By Michael Arbeiter, Hollywood.com Staff
It seems like only yesterday's yesterday that we were delving into the finer points of Happy Endings' midseason premiere. Now that the ABC sitcom is airing twice a week, Sundays and Tuesdays, life seems a bit brighter, somewhat less like a metallic claw piercing its industrial-sized fire-nails into your soul at a glacial but all-the-more-torturous pace. Things are good now. Year of Penny.
Happy Endings' first episode of the week, ""Fowl Play/Date,"" allowed us to examine the adroitness with which David Caspe's small screen wonder transforms sitcom staples into fresh magic.
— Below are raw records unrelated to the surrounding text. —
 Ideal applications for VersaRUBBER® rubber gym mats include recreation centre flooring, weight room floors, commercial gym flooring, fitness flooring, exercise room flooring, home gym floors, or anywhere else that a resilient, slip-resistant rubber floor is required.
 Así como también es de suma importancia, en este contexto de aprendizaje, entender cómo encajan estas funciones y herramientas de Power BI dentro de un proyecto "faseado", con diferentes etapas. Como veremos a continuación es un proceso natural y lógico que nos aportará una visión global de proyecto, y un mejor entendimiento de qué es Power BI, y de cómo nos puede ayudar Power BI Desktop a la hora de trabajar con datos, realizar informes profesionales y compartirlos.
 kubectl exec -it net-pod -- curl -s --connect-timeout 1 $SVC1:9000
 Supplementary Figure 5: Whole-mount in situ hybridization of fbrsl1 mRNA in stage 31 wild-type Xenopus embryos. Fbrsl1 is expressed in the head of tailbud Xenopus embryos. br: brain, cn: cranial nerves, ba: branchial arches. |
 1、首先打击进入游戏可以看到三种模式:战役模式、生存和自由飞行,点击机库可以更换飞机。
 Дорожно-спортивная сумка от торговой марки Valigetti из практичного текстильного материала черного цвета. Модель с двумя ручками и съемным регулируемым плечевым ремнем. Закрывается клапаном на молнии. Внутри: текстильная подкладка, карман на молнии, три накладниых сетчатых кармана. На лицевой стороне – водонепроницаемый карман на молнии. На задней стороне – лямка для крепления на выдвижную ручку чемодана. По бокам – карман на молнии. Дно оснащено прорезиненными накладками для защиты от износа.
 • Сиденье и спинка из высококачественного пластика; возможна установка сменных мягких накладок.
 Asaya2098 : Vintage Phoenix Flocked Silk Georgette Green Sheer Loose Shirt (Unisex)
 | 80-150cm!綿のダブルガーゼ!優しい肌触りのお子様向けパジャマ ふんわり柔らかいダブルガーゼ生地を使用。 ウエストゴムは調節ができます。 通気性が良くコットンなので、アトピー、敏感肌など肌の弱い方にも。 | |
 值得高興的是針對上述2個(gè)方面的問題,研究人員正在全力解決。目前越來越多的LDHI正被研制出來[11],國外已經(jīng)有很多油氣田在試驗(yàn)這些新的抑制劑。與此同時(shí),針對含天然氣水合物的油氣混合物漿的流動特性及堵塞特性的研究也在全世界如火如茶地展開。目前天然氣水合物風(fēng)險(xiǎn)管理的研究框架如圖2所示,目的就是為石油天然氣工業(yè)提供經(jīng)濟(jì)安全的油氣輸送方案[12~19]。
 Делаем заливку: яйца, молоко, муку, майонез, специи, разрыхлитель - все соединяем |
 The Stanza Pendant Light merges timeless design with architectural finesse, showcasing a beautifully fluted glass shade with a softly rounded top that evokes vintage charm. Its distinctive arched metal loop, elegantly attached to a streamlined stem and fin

But this time around, we're presented with a question. The latest ""Ordinary Extraordinary Love"" breaks off into three independent stories, each contending for funniest element of the ep. We see Alex and Penny embark upon a quest to monopolize upon their contact with a pop celebrity; we see Jane drag Max along on a voyage of self-discovery; we see Brad and Dave set forth to prove themselves true ""men."" And with each one a comedic triumph, we're forced to ask: which is Happy Endings' greatest comic duo?
Alex and Penny
Their Story: Penny identifies Alex's clothing store's latest customer as pop music idol Winnie McCray (Laura Catalina Ortiz, who oddly enough has already guest starred on Happy Endings in the Season 2 episode ""Baby Steps""), and immediately organizes a plan to take fiscal advantage of the situation. Deeming herself a PR genius (apparently, Penny works in PR, as she mentions numerous times throughout the episode), Penny machinates a plan to get the hordes of Chicago-based paparazzi to snag a picture of Winnie draped in Alex's dress... only to inadvertently destroy Winnie's relationship with her average joe boyfriend, who is fed up with the star treatment that follows the duo everywhere. Feeling guilty (and slightly threatened by a violent, enraged Winnie), Penny and Alex apologize to the wronged starlet and arrange a private date for her and her beau at the only venue in town where no paparazzo would dare venture: Dave's steak truck.
Why They Work: In the Penny and Alex formula, there is an infinite one-upsmanship in flightiness. On the one hand, there is the intelligent but desperate and emotionally ravaged Penny; beside her, the two-steps-behind, irreparably confident Alex. What the team-up results in is always an escalation of any ordinary situation into something ill-conceived, self-serving, and doomed to fail.
Jane and Max
Their Story: Jane decides to help Max, forlorn over his inability to meet a nice guy, in a romantic pursuit. With the help of recurring majesty Derrick (who could easily be an obnoxiously offensive facet of the show but is instead an affable and charming component to Happy Endings), Jane sets out to help perpetual outlier Max discover what ""category"" of the homosexual subculture best suits him. In a legitimately sad (yet funny, of course) montage, Max determines himself unfit for any self-defined collection, growing more and more uncomfortable with his very human sorrow of not fitting in. In the end, though, Max learns that his uniqueness is what strengthens him as a person of merit and character (thanks largely to an unusually earnest Derrick), and develops his own community... which, in turn, lands him to meet another misguided outlier. Hooray for the optimistic red velvet walruses!
Why They Work: Max and Jane are a classic formula: perfect foils to each other, Jane is an upbeat, driven A-type with her life so together it hurts. Max is a ganglion of self-destructive behaviors living in emotional (and literal) squalor. When the pair teams up, they often collide with such chaos that it transforms into unexpected treasure. Ah, the rules of sitcommery.
Brad and Dave
Their Story: Brad, feeling unmanly due to his wife's usurping of his breadwinner role in the relationship, sets out to prove himself a traditional ""man"" by doing handiwork around the apartment. Dave, having nothing else to do, joins him. Eventually, the two turn on one another, letting their own insecurities inspire inane competitions to determine who is, indeed, the ""manlier man.""
Why They Work: Brad and Dave are not as frequent a duo as Alex/Penny or Jane/Max, largely because their personalities don't allow them work off one another with the same explosive comedy. But flamboyant Brad and trying-too-hard Dave can deliver the goods, as seen here.
Who's your vote for best duo of the week?